*Exercise goal*
Print the entries below word for word; the pictures stay out of your copy.

════════

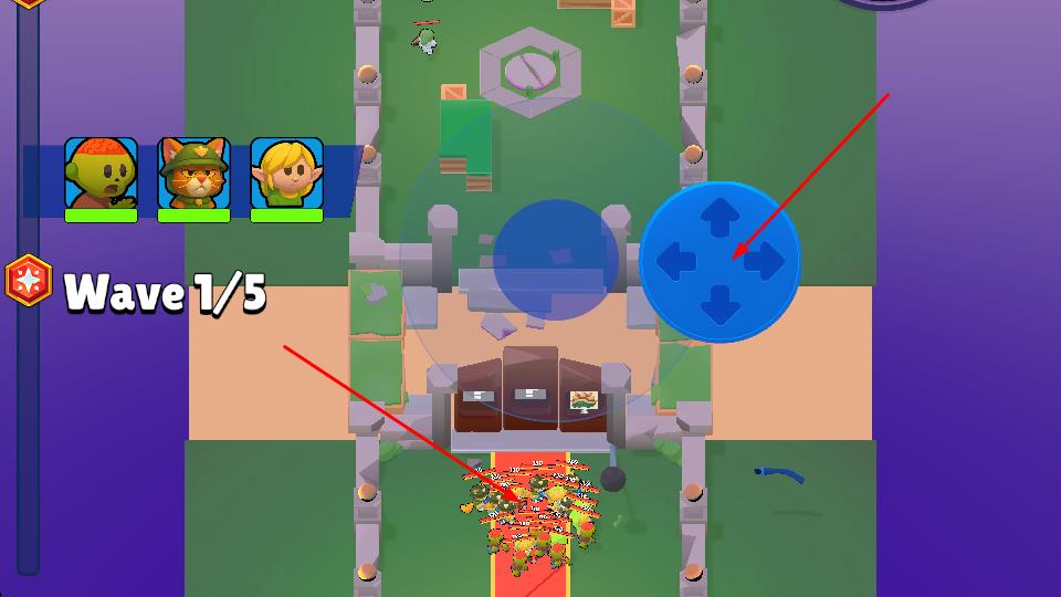 3、进入战斗界面后,左侧的角色栏、上方显示的Wave1/5波次标识都清晰可见。你可以通过操控右侧的方向键,指挥已选中的角色移动,灵活调整他们的站位并释放技能,以此持续抵挡敌人的攻势。
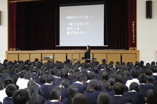 10月13日(金)の6校時、全校生徒、職員および保護者を対象とした消費者教育講演会がありました。NIT情報技術推進ネットワーク株式会社より講師に来て頂き、『SNSのリスク ~ここがあなたの正しいボーダーライン~』を演題として、講演していただきました。
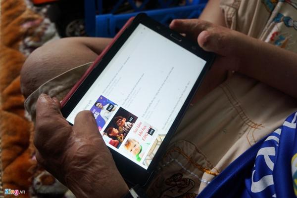 Dù đôi tay khuyết tật nhưng cậu bé sử dụng iPad và điện thoại thuần thục.
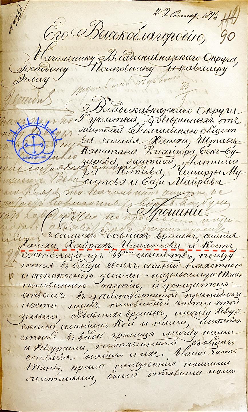 22 Копия резолюции Тифлисского окружного суда от 10 мая 1900 года. Хранится в семье Беслана Котикова, жителя г. Грозного.
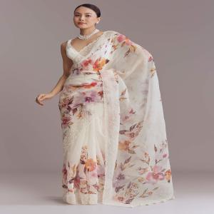 Sunlit moments feel fresh in this white organza printed saree that moves beautifully in pictures. Multicolour floral prints meet a scallop border and bead embroidery on the saree and blouse, finished with tassels at the pallu. It is a lively choice for day functions when you want colour and lightness to do the work. Awarded as the Most Trusted Brand, we're delivering styles you love, just as promised.
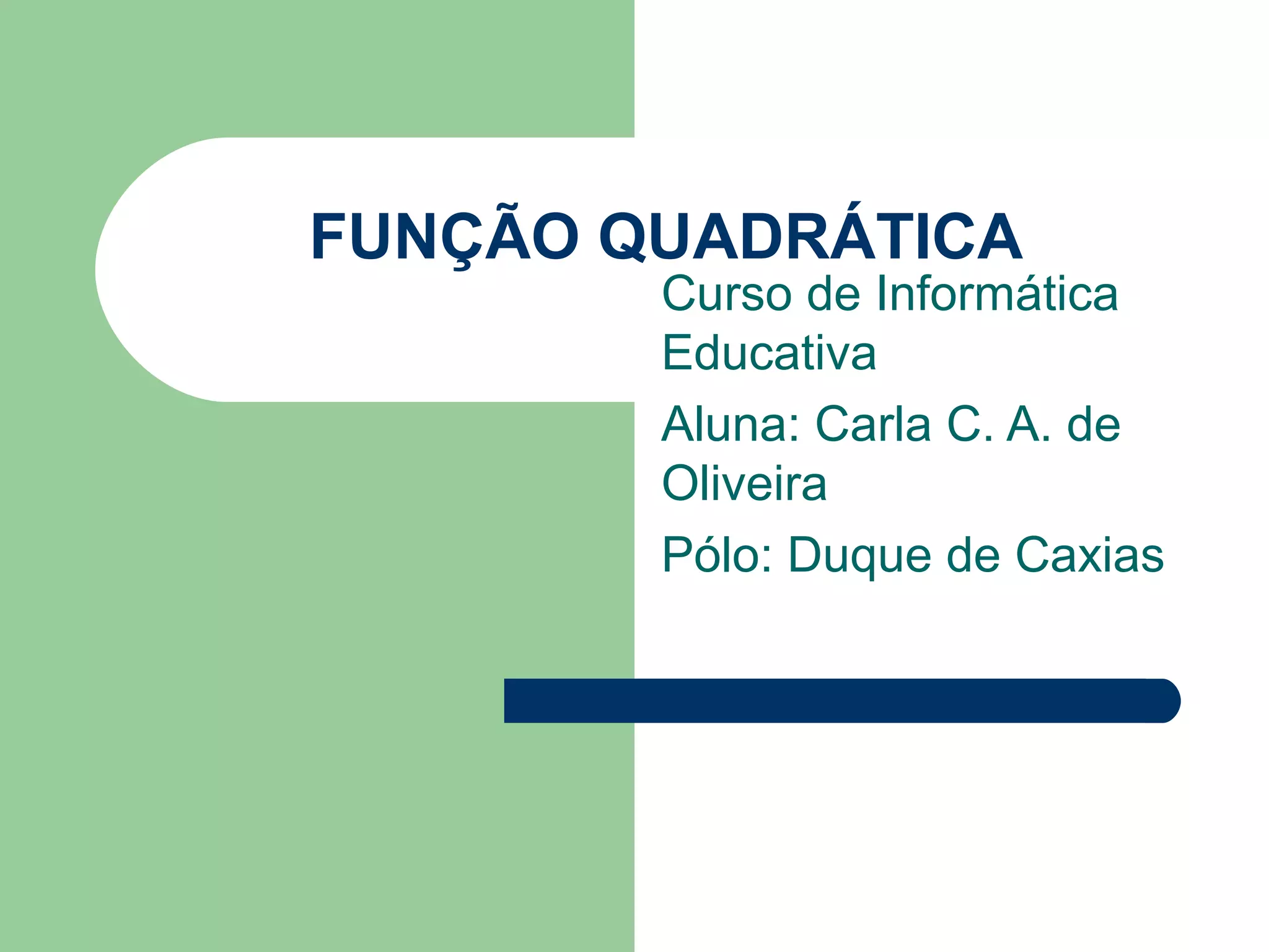 O documento descreve um curso sobre funções quadráticas, abordando conceitos como gráficos, vértice e zeros. Aprendizagem é feita através de aulas expositivas, resolução de exercícios e atividades no laboratório com software. O curso tem o objetivo de ensinar conceitos e aplicações de funções quadráticas.
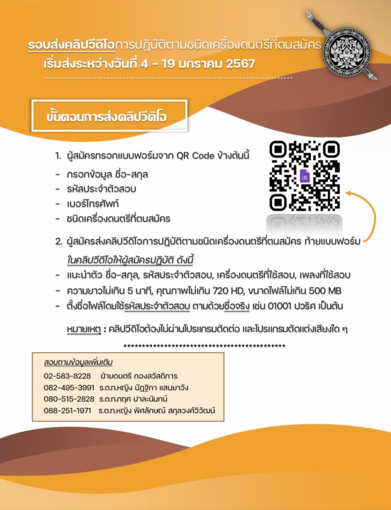 ผู้สมัครส่งคลิปวีดิโอการปฏิบัติตามชนิดเครื่องดนตรีที่สมัคร 4-19 ม.ค. 67
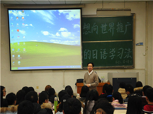 11月24日下午,伟德国际1946在4号教学楼201教室举行主题为“想向世界推广的日语学习法”的讲座,此次活动由笈川幸司担任主讲,日语系主办。日语专业全体师生参加此次活动。
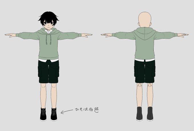 作品名「モスグリーンパーカー」 ・白シャツ ・黒パンツ ・靴ワンポイント横にロゴか何か◯◯バース的な #カスタムキャスト #衣装新色コンテスト
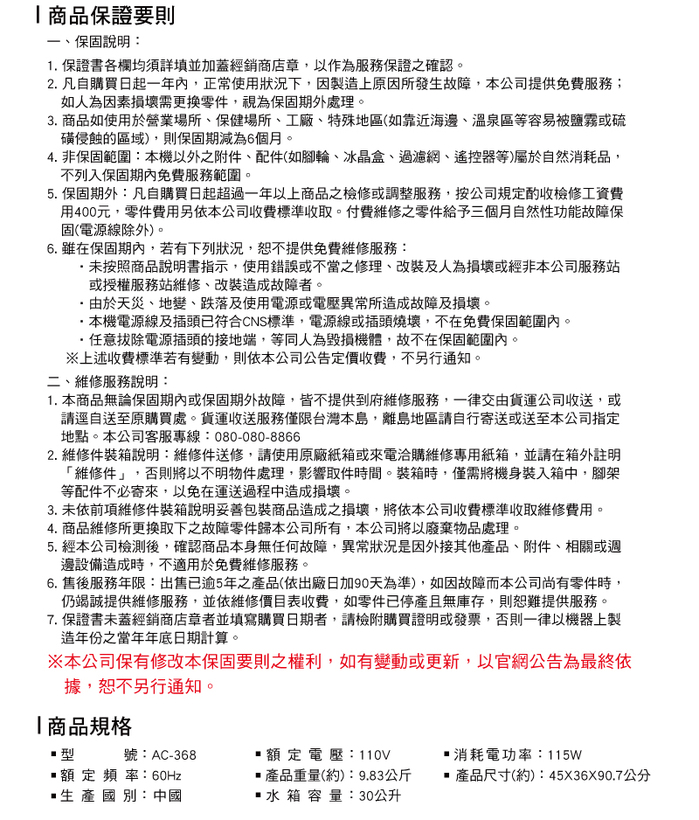 - 商品型號:AC-368
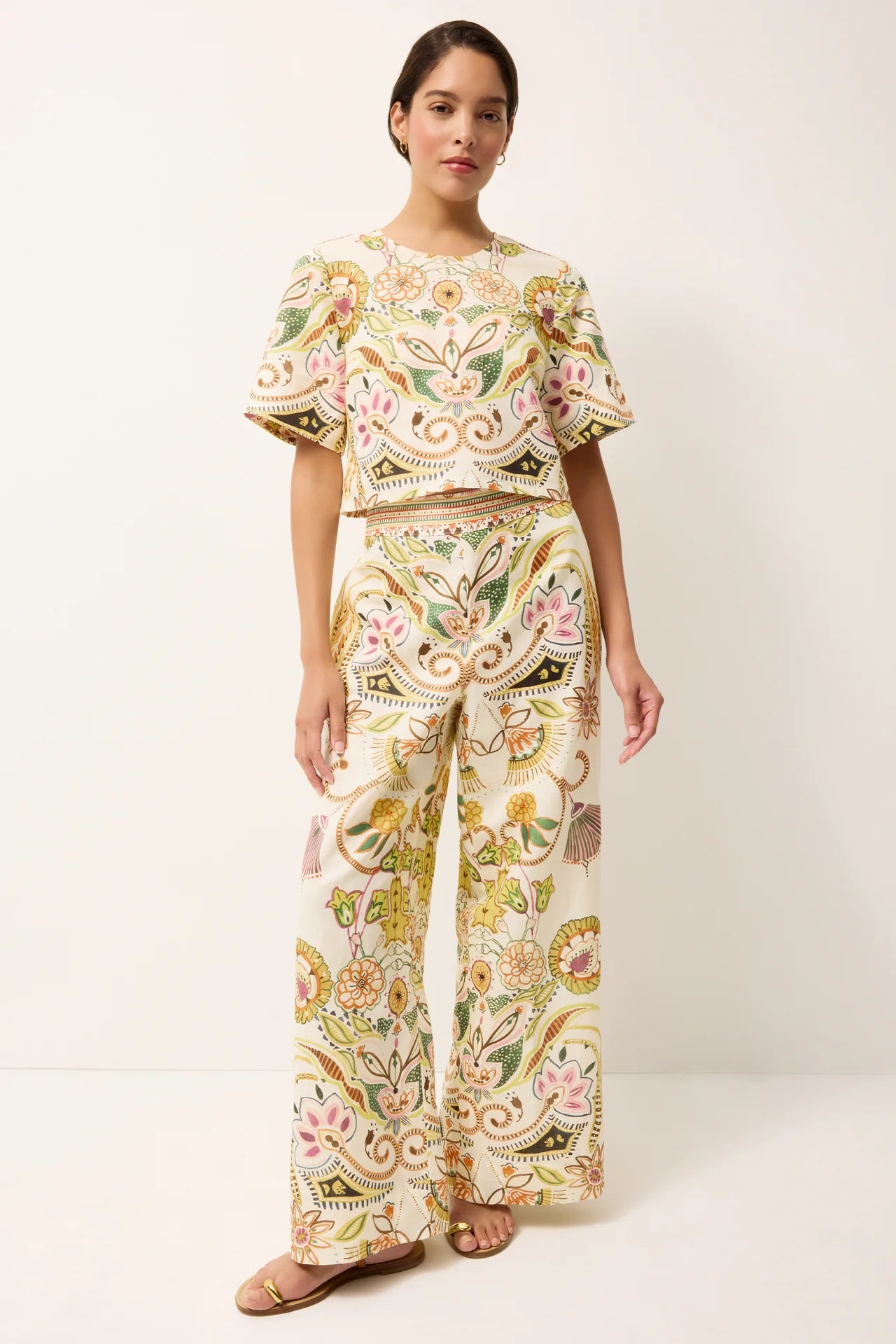 Made for the crop-top devotee, this linen-cotton silhouette pairs a clean, tailored cut with a buttoned back and an artful floral placement print. It captures the ease of vacation on the Mediterranean and looks especially chic with the coordinating high rise, wide-leg Bennett pant in Haven.
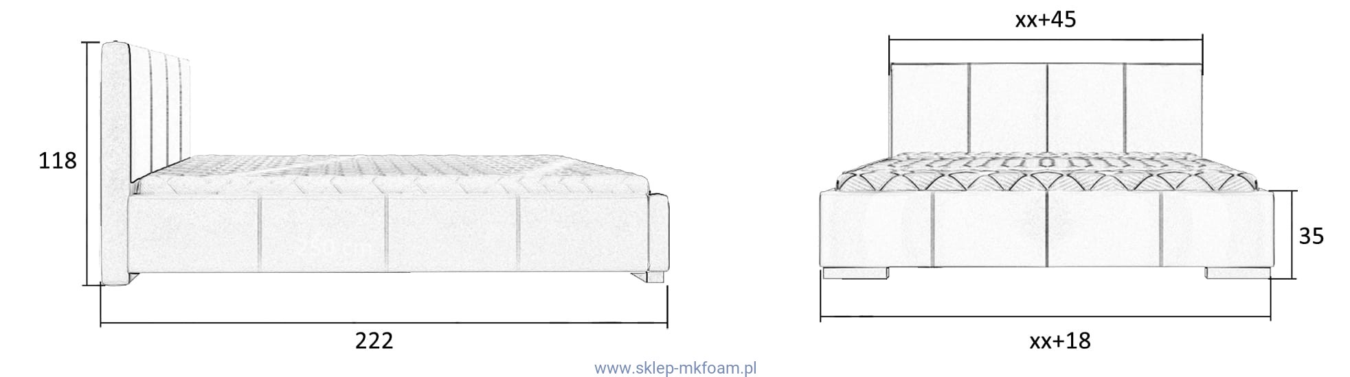 • Szerokość zagłówka +45 cm do szer. materaca;
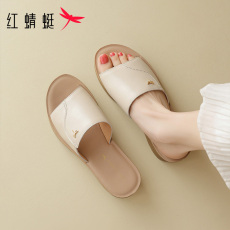 红蜻蜓坡跟妈妈拖鞋2025夏季新款女鞋一字拖真皮软底中年女士凉拖
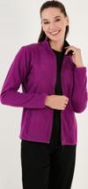 Lela Slim Fit Anti-Pilling Tüylenme Yapmayan Fermuarlı Cepli Hırka 2' li Paket Bayan Polar 5907002S2 Mor-Oranj
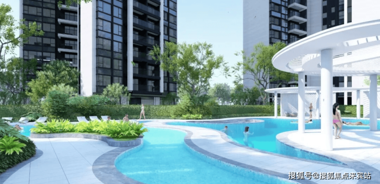 ◎ 约760㎡度假式阳光双泳池,远超片区楼盘泳池配置,与园林景观完美融合,不出小区享受海边度假式体验;
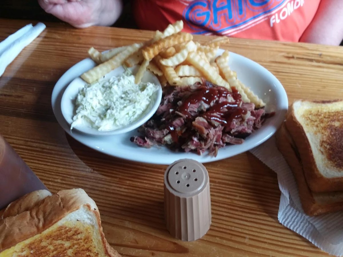 Second time I’ve been here. It’s always a pleasant surprise when the bbq is good the first visit. The second time is the key. If I go twice and the food is amazing both times, to me that is a sign that the quality is always good. The sweet potato fries were perfectly crispy on the outside, soft on the inside, steam wafting over my plate as it came out fresh. Rack of ribs was superb. Perfectly tender, could pull the bones out with no resistance, seasoned to perfection. Garlic bread was fluffy and absolutely addictive. Definitely a good gem of this neck of the woods if you are ever in the area. 10/10 would recommend.
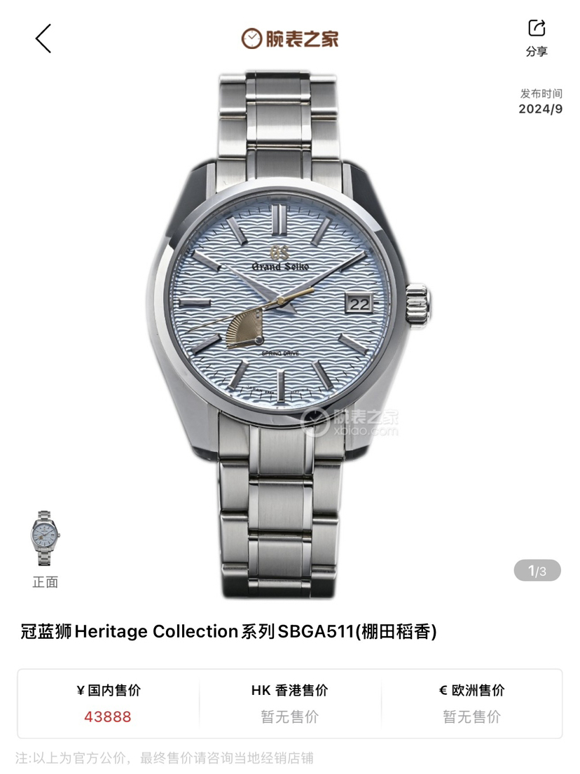 Springdrive混动机芯9R65/动储72小时/防水100米/表径40/44GS壳型/公价43888
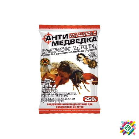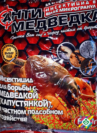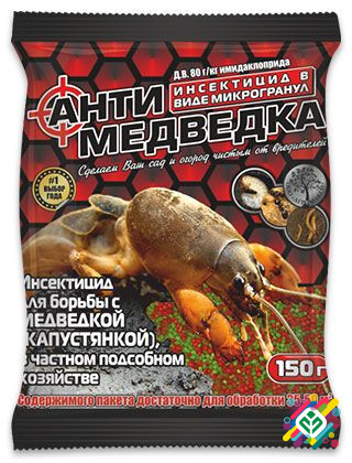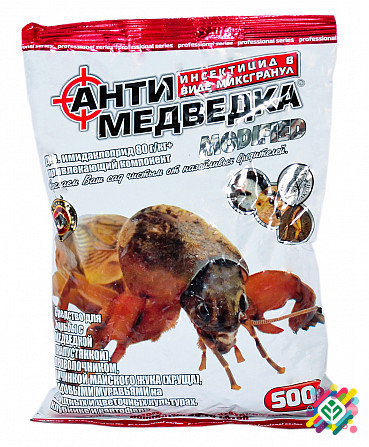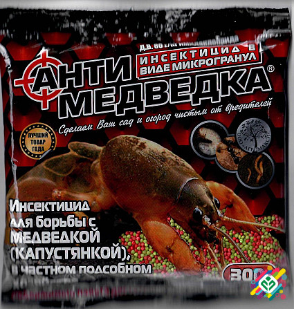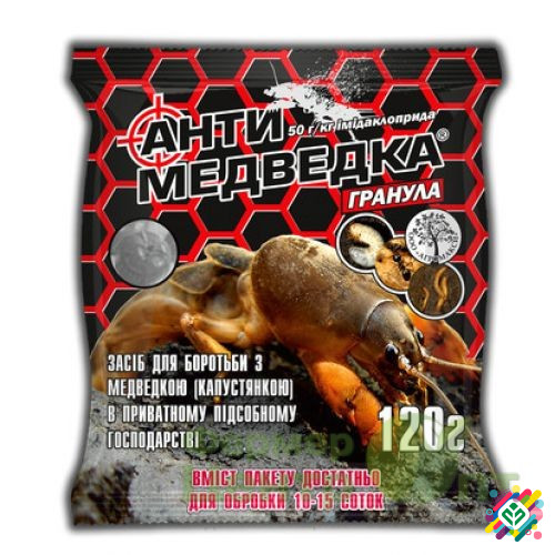 Засіб для боротьби з медведкою в особистому господарстві. Знищує медведку (капустянку), проволочника, личинку травневого жука, чорних мурах. Спосіб застосування: під час посадки викопати лунки на відстані 5-10 см від культурної рослини і помістити в них препарат на глибину 2-5 см у розрахунку 20 г н...
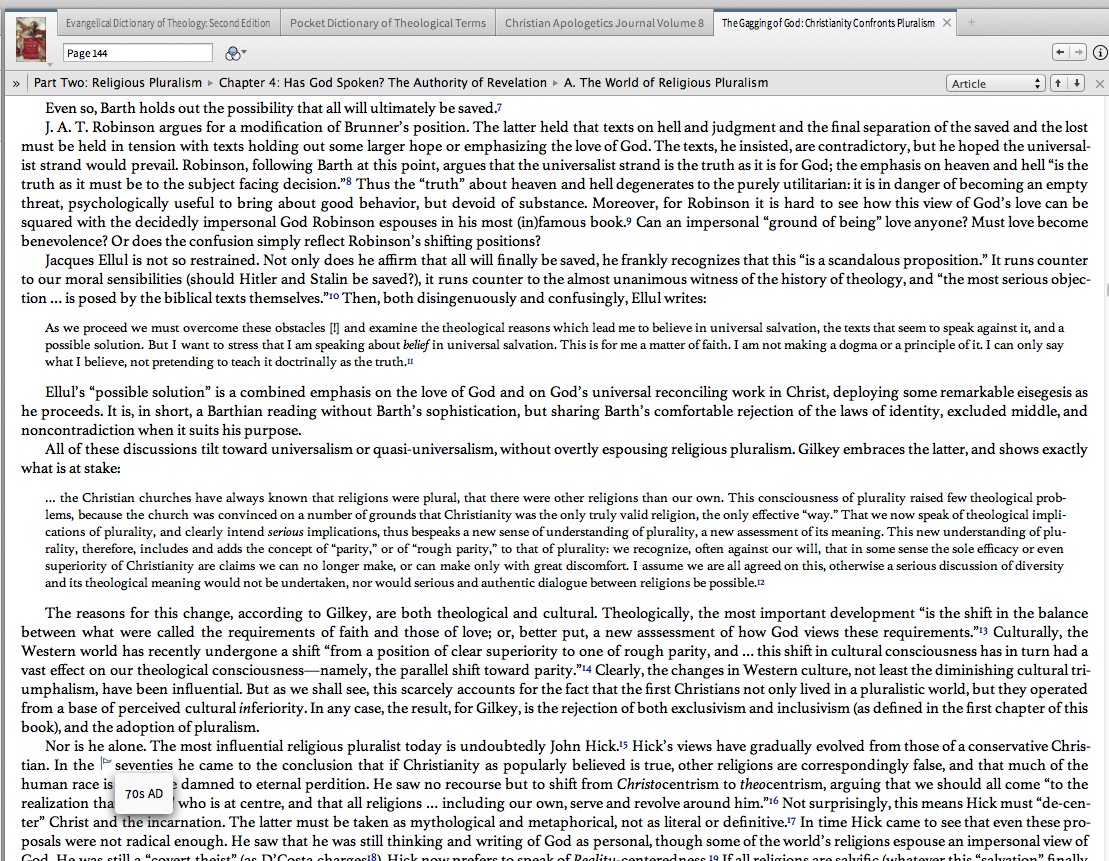 I came across this as I was doing some reading and thoughts I would share so it could be properly addressed. As you can see from the context the resource should be tagged for the 1970's not 70 A.D. I mean, unless John Hick was really that old...
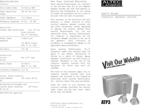 Altec Lansing Atp3 Speaker User Manual. User manual altec lansing t515 82 reviews for the altec. Specifications one year limited warranty overall altec lansing technologies, inc.

════════

*Response*
 3、进入战斗界面后,左侧的角色栏、上方显示的Wave1/5波次标识都清晰可见。你可以通过操控右侧的方向键,指挥已选中的角色移动,灵活调整他们的站位并释放技能,以此持续抵挡敌人的攻势。
 10月13日(金)の6校時、全校生徒、職員および保護者を対象とした消費者教育講演会がありました。NIT情報技術推進ネットワーク株式会社より講師に来て頂き、『SNSのリスク ~ここがあなたの正しいボーダーライン~』を演題として、講演していただきました。
 Dù đôi tay khuyết tật nhưng cậu bé sử dụng iPad và điện thoại thuần thục.
 22 Копия резолюции Тифлисского окружного суда от 10 мая 1900 года. Хранится в семье Беслана Котикова, жителя г. Грозного.
 Sunlit moments feel fresh in this white organza printed saree that moves beautifully in pictures. Multicolour floral prints meet a scallop border and bead embroidery on the saree and blouse, finished with tassels at the pallu. It is a lively choice for day functions when you want colour and lightness to do the work. Awarded as the Most Trusted Brand, we're delivering styles you love, just as promised.
 O documento descreve um curso sobre funções quadráticas, abordando conceitos como gráficos, vértice e zeros. Aprendizagem é feita através de aulas expositivas, resolução de exercícios e atividades no laboratório com software. O curso tem o objetivo de ensinar conceitos e aplicações de funções quadráticas.
 ผู้สมัครส่งคลิปวีดิโอการปฏิบัติตามชนิดเครื่องดนตรีที่สมัคร 4-19 ม.ค. 67
 11月24日下午,伟德国际1946在4号教学楼201教室举行主题为“想向世界推广的日语学习法”的讲座,此次活动由笈川幸司担任主讲,日语系主办。日语专业全体师生参加此次活动。
 作品名「モスグリーンパーカー」 ・白シャツ ・黒パンツ ・靴ワンポイント横にロゴか何か◯◯バース的な #カスタムキャスト #衣装新色コンテスト
 - 商品型號:AC-368
 Made for the crop-top devotee, this linen-cotton silhouette pairs a clean, tailored cut with a buttoned back and an artful floral placement print. It captures the ease of vacation on the Mediterranean and looks especially chic with the coordinating high rise, wide-leg Bennett pant in Haven.
 • Szerokość zagłówka +45 cm do szer. materaca;
 红蜻蜓坡跟妈妈拖鞋2025夏季新款女鞋一字拖真皮软底中年女士凉拖
 Lela Slim Fit Anti-Pilling Tüylenme Yapmayan Fermuarlı Cepli Hırka 2' li Paket Bayan Polar 5907002S2 Mor-Oranj
 ◎ 约760㎡度假式阳光双泳池,远超片区楼盘泳池配置,与园林景观完美融合,不出小区享受海边度假式体验;
 Second time I’ve been here. It’s always a pleasant surprise when the bbq is good the first visit. The second time is the key. If I go twice and the food is amazing both times, to me that is a sign that the quality is always good. The sweet potato fries were perfectly crispy on the outside, soft on the inside, steam wafting over my plate as it came out fresh. Rack of ribs was superb. Perfectly tender, could pull the bones out with no resistance, seasoned to perfection. Garlic bread was fluffy and absolutely addictive. Definitely a good gem of this neck of the woods if you are ever in the area. 10/10 would recommend.
 Springdrive混动机芯9R65/动储72小时/防水100米/表径40/44GS壳型/公价43888
 Засіб для боротьби з медведкою в особистому господарстві. Знищує медведку (капустянку), проволочника, личинку травневого жука, чорних мурах. Спосіб застосування: під час посадки викопати лунки на відстані 5-10 см від культурної рослини і помістити в них препарат на глибину 2-5 см у розрахунку 20 г н...
 I came across this as I was doing some reading and thoughts I would share so it could be properly addressed. As you can see from the context the resource should be tagged for the 1970's not 70 A.D. I mean, unless John Hick was really that old...
 Altec Lansing Atp3 Speaker User Manual. User manual altec lansing t515 82 reviews for the altec. Specifications one year limited warranty overall altec lansing technologies, inc.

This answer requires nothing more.